Information provided =

'''

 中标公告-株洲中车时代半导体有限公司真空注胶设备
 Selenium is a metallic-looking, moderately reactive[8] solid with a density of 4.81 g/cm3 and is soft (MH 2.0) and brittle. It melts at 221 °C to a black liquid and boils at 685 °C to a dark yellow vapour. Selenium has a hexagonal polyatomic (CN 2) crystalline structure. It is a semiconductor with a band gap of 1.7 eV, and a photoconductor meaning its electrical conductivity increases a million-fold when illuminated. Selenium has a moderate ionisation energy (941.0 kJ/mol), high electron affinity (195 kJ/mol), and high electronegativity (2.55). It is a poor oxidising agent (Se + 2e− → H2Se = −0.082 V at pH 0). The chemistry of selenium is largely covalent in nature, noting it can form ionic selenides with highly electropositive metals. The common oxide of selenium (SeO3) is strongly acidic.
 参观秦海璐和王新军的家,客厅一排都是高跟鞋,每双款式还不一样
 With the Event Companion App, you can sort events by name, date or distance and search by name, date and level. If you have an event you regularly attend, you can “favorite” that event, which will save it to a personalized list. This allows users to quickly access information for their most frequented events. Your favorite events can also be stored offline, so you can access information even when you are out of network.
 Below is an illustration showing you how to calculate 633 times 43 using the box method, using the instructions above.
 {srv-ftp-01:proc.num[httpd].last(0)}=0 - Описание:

'''
'''

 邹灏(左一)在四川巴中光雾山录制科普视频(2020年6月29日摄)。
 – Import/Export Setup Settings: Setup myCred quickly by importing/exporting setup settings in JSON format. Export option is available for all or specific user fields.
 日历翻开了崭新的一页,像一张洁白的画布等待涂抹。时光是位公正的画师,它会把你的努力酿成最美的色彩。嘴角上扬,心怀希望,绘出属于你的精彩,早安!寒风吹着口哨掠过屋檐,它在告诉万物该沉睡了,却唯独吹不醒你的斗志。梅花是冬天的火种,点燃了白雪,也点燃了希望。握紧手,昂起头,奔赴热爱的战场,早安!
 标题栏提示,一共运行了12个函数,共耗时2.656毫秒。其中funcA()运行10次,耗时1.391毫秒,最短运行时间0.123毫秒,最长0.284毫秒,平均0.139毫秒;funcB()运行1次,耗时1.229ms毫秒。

'''

What to work on = All that should be written out is the stretch of lines above between the one holding "日历翻开了崭新的一页,像一张" and the one holding "标题栏提示,一共运行了12个", inclusive, exactly as given.

Task response =
 日历翻开了崭新的一页,像一张洁白的画布等待涂抹。时光是位公正的画师,它会把你的努力酿成最美的色彩。嘴角上扬,心怀希望,绘出属于你的精彩,早安!寒风吹着口哨掠过屋檐,它在告诉万物该沉睡了,却唯独吹不醒你的斗志。梅花是冬天的火种,点燃了白雪,也点燃了希望。握紧手,昂起头,奔赴热爱的战场,早安!
 标题栏提示,一共运行了12个函数,共耗时2.656毫秒。其中funcA()运行10次,耗时1.391毫秒,最短运行时间0.123毫秒,最长0.284毫秒,平均0.139毫秒;funcB()运行1次,耗时1.229ms毫秒。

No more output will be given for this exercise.